• [WHAT YOU WILL DO]: Please restate each entry that appears below word for word, without its pictures.

::::

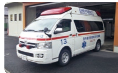
高規格救急自動車

病気や災害等、緊急対応に欠かすことのできない高規格救急自動車(峰山消防署竹野川分遣所)を更新し、市民の皆さんの安全・安心確保に努めます。
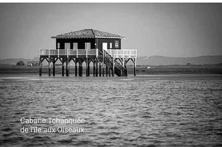
Cabane Tchanquée de l'île aux Oiseaux
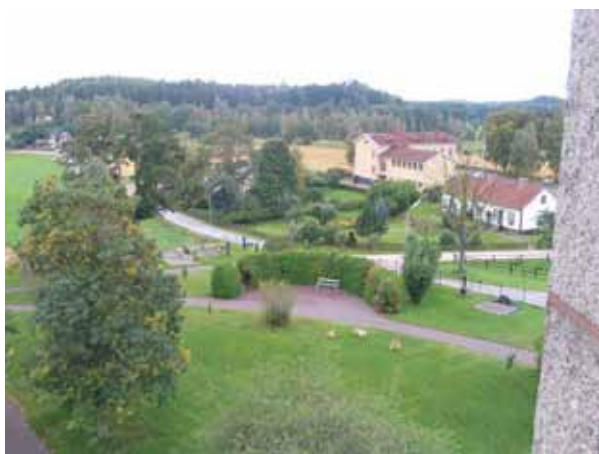
Vy mot kvarter D och det parkliknande området

Titlar finns angivna på många av vårdar, såsom kyrkoherde, hemmansägare, organist, häradsdomare, kantor och godsägare. Ortnamn anges på många av vårdarna.

::::

• [SOLUTION TO THIS TASK]:
高規格救急自動車

病気や災害等、緊急対応に欠かすことのできない高規格救急自動車(峰山消防署竹野川分遣所)を更新し、市民の皆さんの安全・安心確保に努めます。
Cabane Tchanquée de l'île aux Oiseaux
Vy mot kvarter D och det parkliknande området

Titlar finns angivna på många av vårdar, såsom kyrkoherde, hemmansägare, organist, häradsdomare, kantor och godsägare. Ortnamn anges på många av vårdarna.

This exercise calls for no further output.